I find your whole result set confusing and inaccurate and I can see employees sayng, "no I earned 2 hours on Jan 25th not 1." It is not true that they earned 1 hour on that date that was only partially offset, and you will have no end of problems if you choose to display this way. I'd look at a different way to present the information. Typically you either present a list of all leave actions (earned, expired and used) with a total at the bottom or you present a summary of available for use and used.
In over 30 years in the workforce and having been under many differnt timekeeping systems (as well as having studied even more when I was a managment analyst), I have never seen anyone want to display timekeeping information this way. I'm thinking there is a reason. If this is a requirement, I'd suggest pushing back on it and explaining how it will be confusing to read the data this was as well as being difficult to get a well-performing solution. I would not accept this as a requirement without trying to convince the client that it is a poor idea.
As time passes and records are added, performance will get worse and worse unless you do something about it, such as:
Purge old rows once they're "cancelled out" (e.g. vacation earned has had equivalent vacation used rows added and accounted for; vacation used has been used set "expire" vacation earned as "expended")
Add a column that flags if a a row has been "cancelled out", and incorporate this column into your indexes
Tracking how the data changes in this fashion seems an argument to modify your table sturctures (have several, not just one), but that's outside the scope of your current problem.
As for the query itself, I'd build two aggregates, do some subtraction, make that a subquery, then join it on some clever use of one of the ranking functions. Smells like a correlated subquery in there somewhere, too.

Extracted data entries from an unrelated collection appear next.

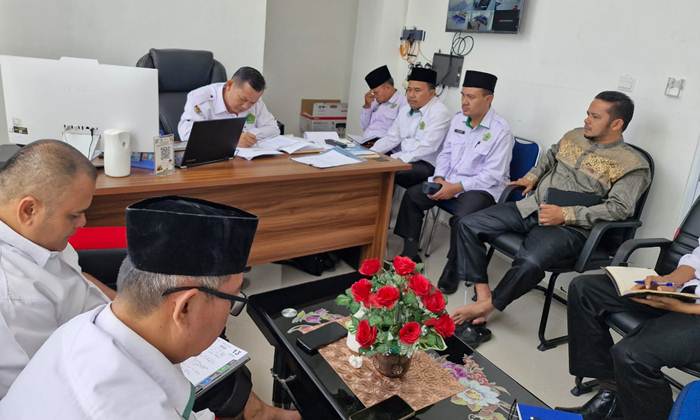 PASAMAN BARAT – Seiring makin dekatnya perjalanan ibadah haji ke Tanah Suci tahun 1446 /2025, jajaran Seksi PHU dan Kepala KUA rembuk bersama di ruang Kasi Penyelenggaraan Haji dan Umrah (PHU) Kantor Kementerian Agama Pasaman Barat, Simpang Empat.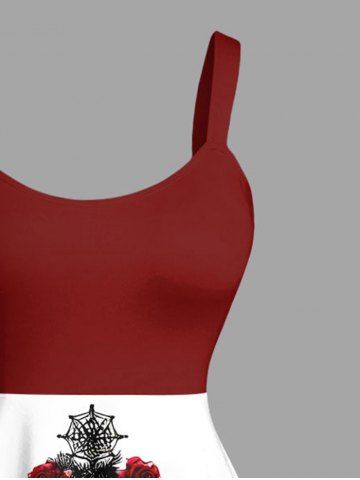 Robes > Robe trapèze grande taille à imprimé tête de mort, rose, fleur, toile d'araignée, sapin de Noël, boule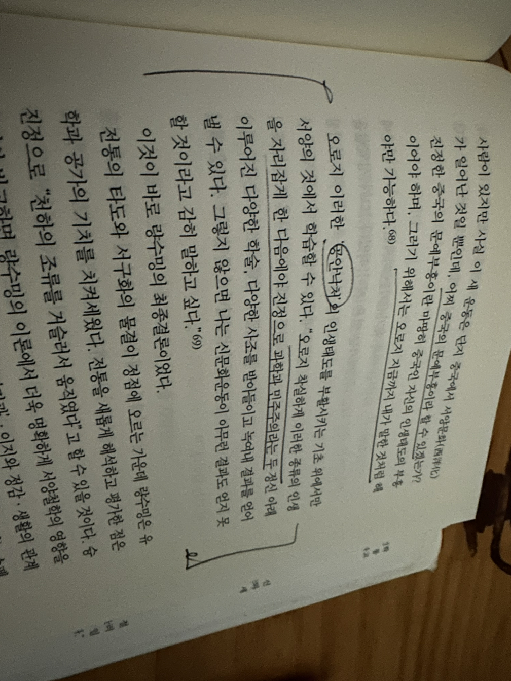 저 고아하신 영문학자 정 선생님은 영문학에 능통하실지 모르나 나는 한때 논술 강사도 했다는 녀석이 여전히 글을 편중하여 본다. 한때 모옌이네 위화네 유명 중국 작가들이 서점 서가를 수놓던 적도 있으나 나는 얼마 읽지 못했고, 여전히 잘 모른다. 모택동의 하방정책 이후로 많은 인텔리겐챠들이 초원과 논밭으로 낙향했으며, 어떤 이는 울분과 분노를, 어떤 이는 새로운 세계에 대한 희망과 환희를 써냈는데 그 유명한 늑대토템 도 이 시기를 회상하며 쓰인 작품이다. 즉, 순수문학 이라는 단어나 분류가 지금도 남아 있을지 모르나 어찌 되었건 문학은 언제나 늘 시대를 대변하는 이야기꾼이다. 그러므로 중국의 철학을 겉핥기로나마 전공은 했으되, 그 시대를 살아보지도, 그때의 이야기를 읽어보지도 못한 나는 당연히 이택후 선생의 5.4 신문화 운동 당시의 문예 일별 一別 (어느 특정한 주제에 대해 적는 글 )에 대해 이해할수 있을리 없다.

I may try and hash this out later (I'm short on time), but I bet someone beats me to it.
I'd suggest modifying the table to keep track of Balance in its own column. That way, you only need to grab the most recent record to know where the employee stands.
That way, you can satisfy the simple case ("How much vacation time do I have"), while still being able to do the awkward rollup you're looking for in your "Which bits of vacation time don't line up with other bits" report, which I'd hope is something you don't need very often.